[Saved data entries]
○ ○ ○

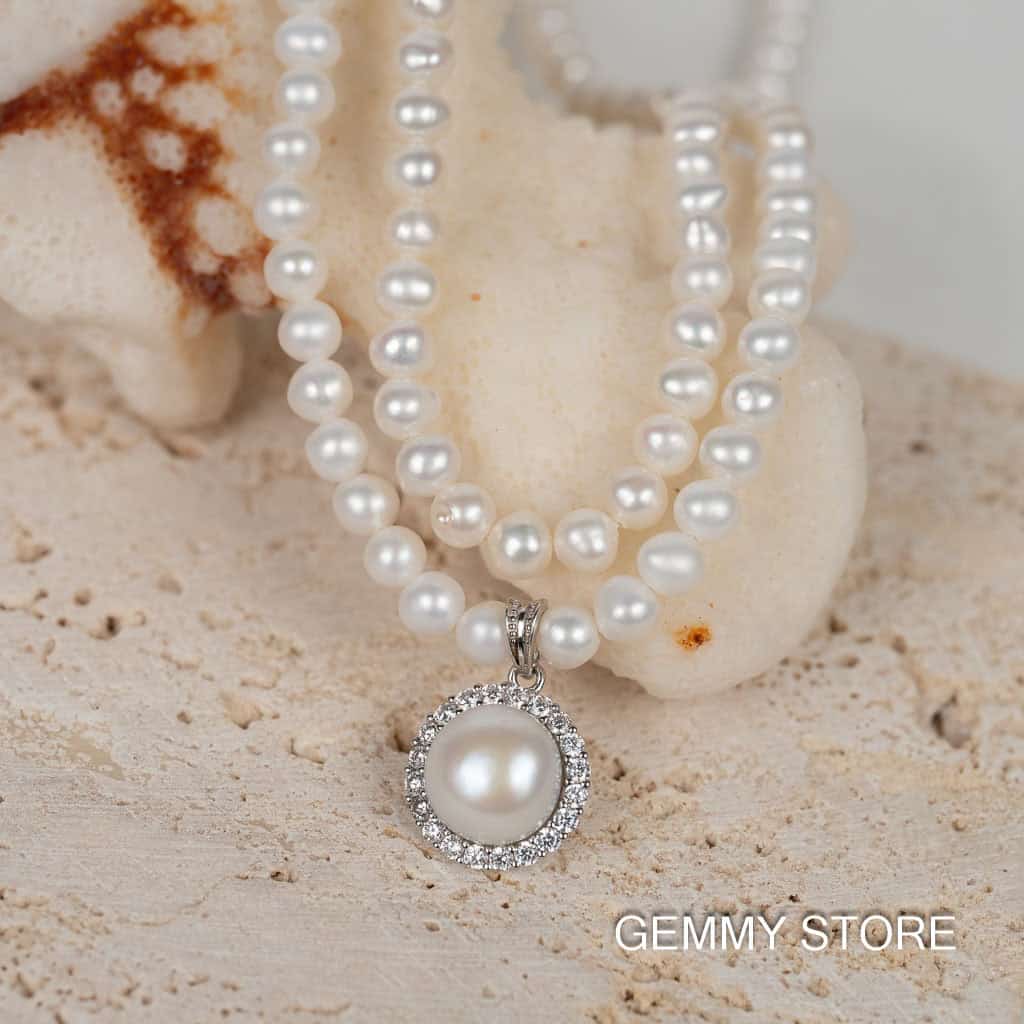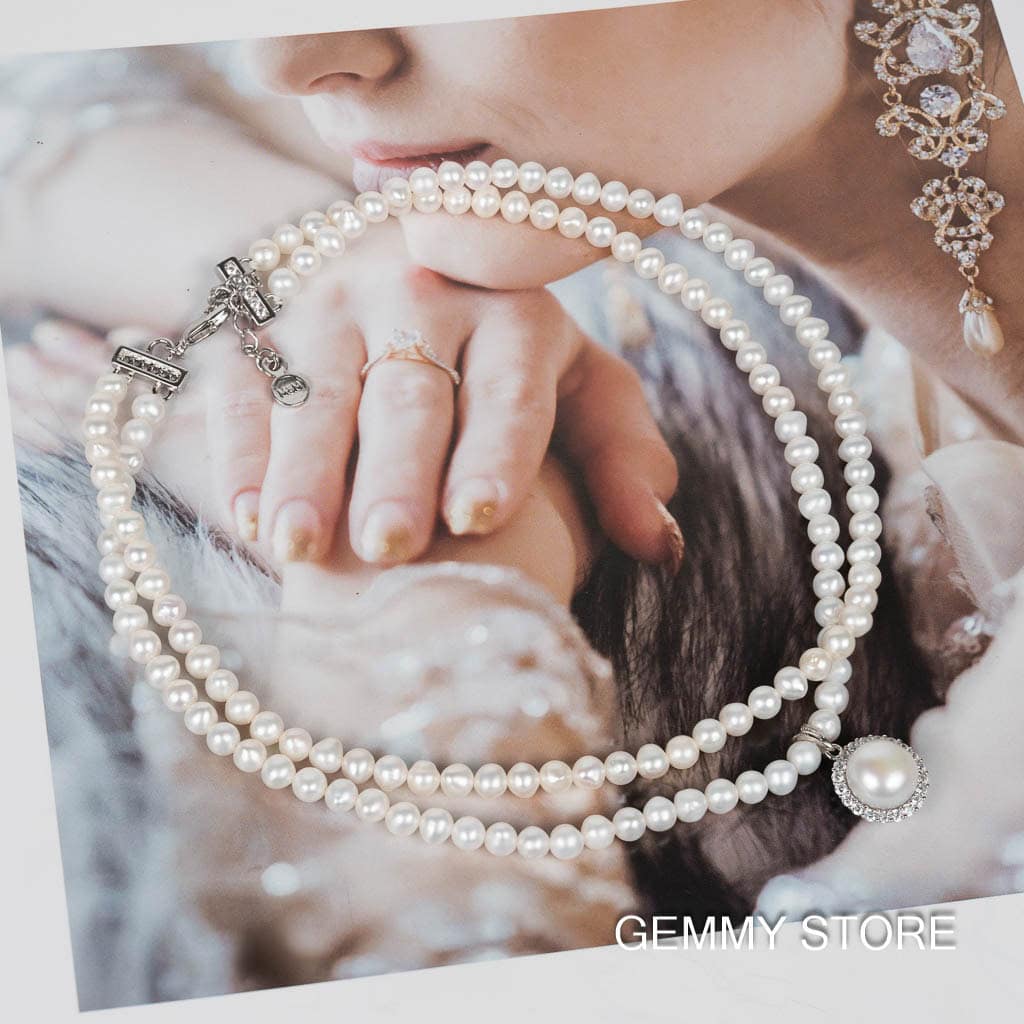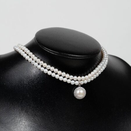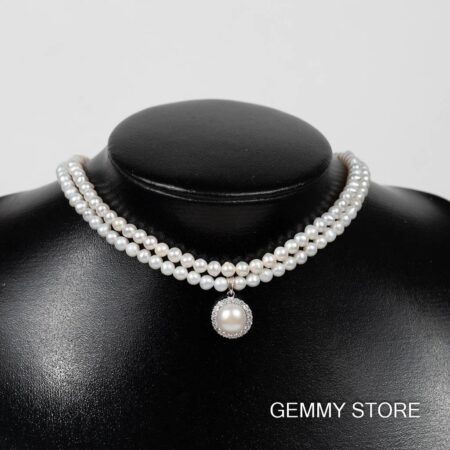 Vòng Ngọc Trai Hai Tầng Hạt Nhỏ Tạo Kiểu Choker Kết Hợp Mặt Dây Np1021
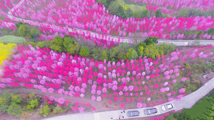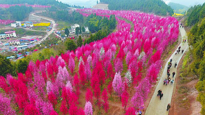 三月桃花笛歌婉,一夜酥雨花语嫣,诗韵清扬芳凝穹,半枕幽香半酣眠!每到阳春三月,一场沥沥春雨过后,中江县红泉村的桃花谷便迎来了满谷的姹紫嫣红,1800亩观赏桃花竞相怒放,烟烟霞霞,灼灼芳华。
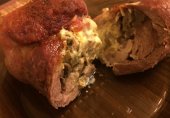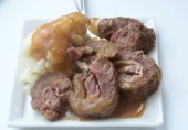 Рулетики из говядины с беконом и луком, обжаренные в масле и залитые мучным соусом. Прекрасно сочетаются с картофелем и макаронами, а также любыми салатами, на ваш вкус.
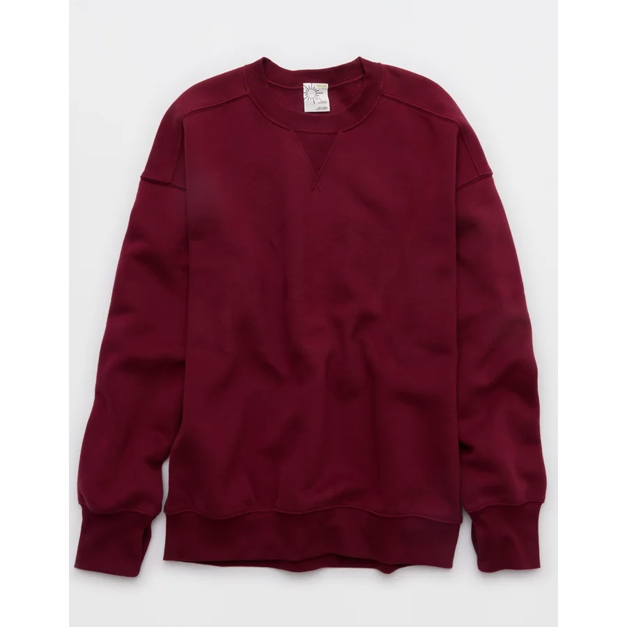 OFFLINE By Aerie Cloud Fleece Oversized Crewneck Sweatshirt – Deep Cherry
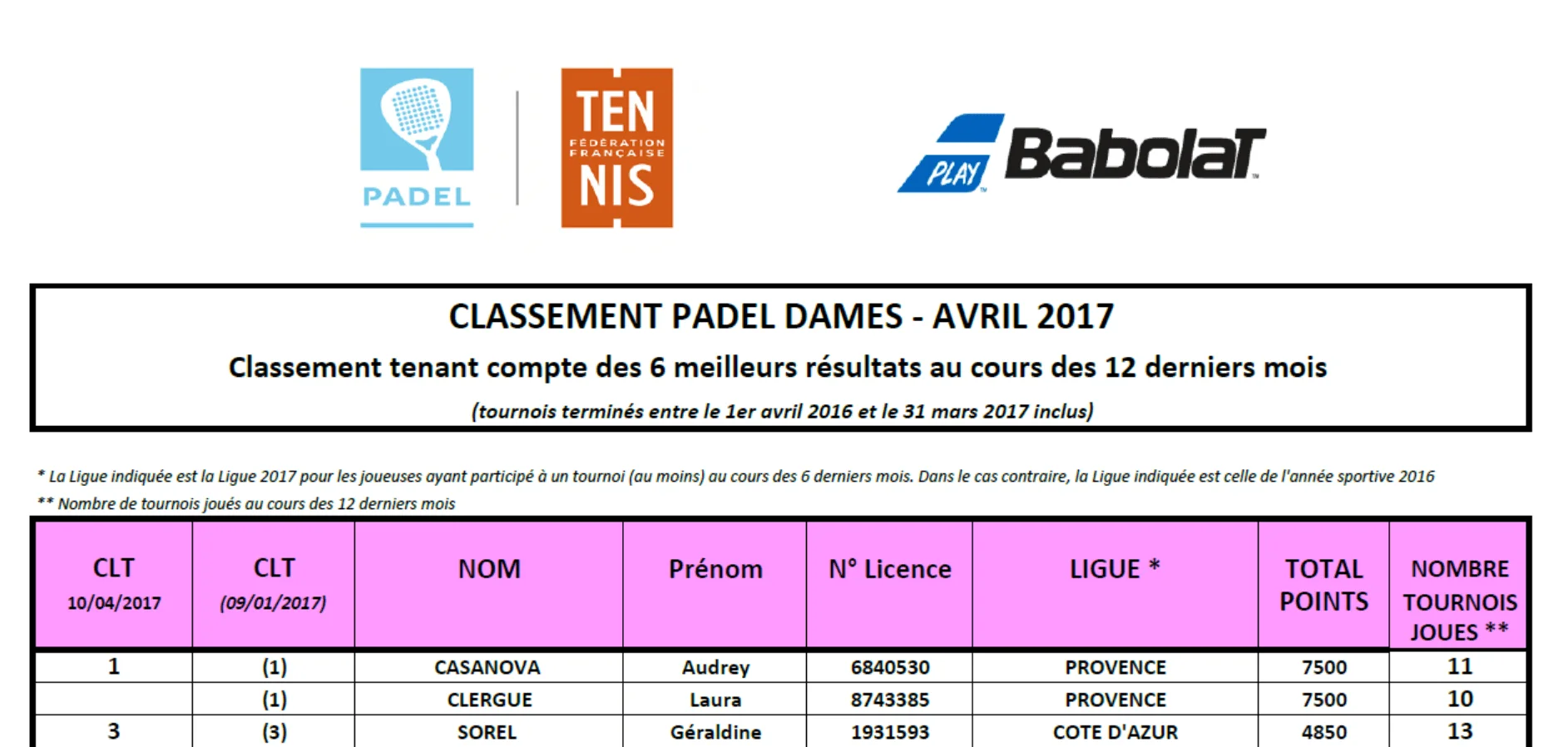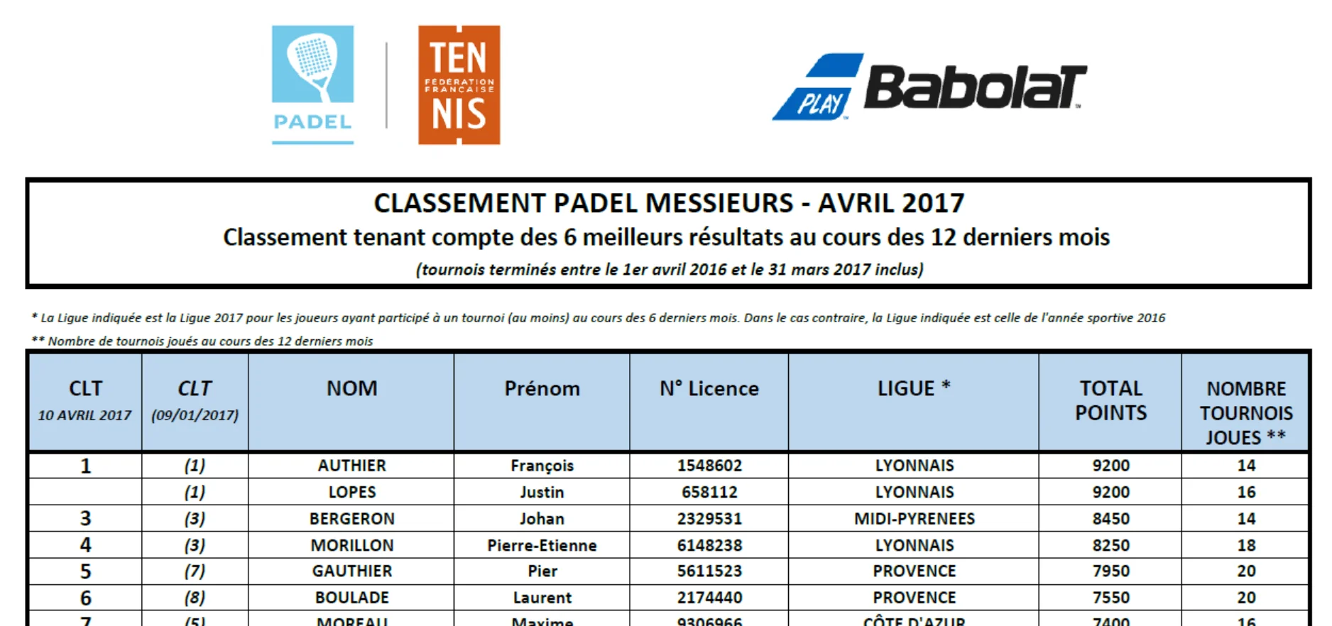 Nous passons ainsi de 1832 compétiteurs et compétitrices de Padel recensés début janvier 2017, à 2100 pour ce Classement d’avril, soit une progression de +14% en 3 mois.

○ ○ ○

*Task description*. Print exactly the lines from the first line of the records above through the line containing "OFFLINE By Aerie", both included, and leave the pictures out.

*Written reply*.
 Vòng Ngọc Trai Hai Tầng Hạt Nhỏ Tạo Kiểu Choker Kết Hợp Mặt Dây Np1021
 三月桃花笛歌婉,一夜酥雨花语嫣,诗韵清扬芳凝穹,半枕幽香半酣眠!每到阳春三月,一场沥沥春雨过后,中江县红泉村的桃花谷便迎来了满谷的姹紫嫣红,1800亩观赏桃花竞相怒放,烟烟霞霞,灼灼芳华。
 Рулетики из говядины с беконом и луком, обжаренные в масле и залитые мучным соусом. Прекрасно сочетаются с картофелем и макаронами, а также любыми салатами, на ваш вкус.
 OFFLINE By Aerie Cloud Fleece Oversized Crewneck Sweatshirt – Deep Cherry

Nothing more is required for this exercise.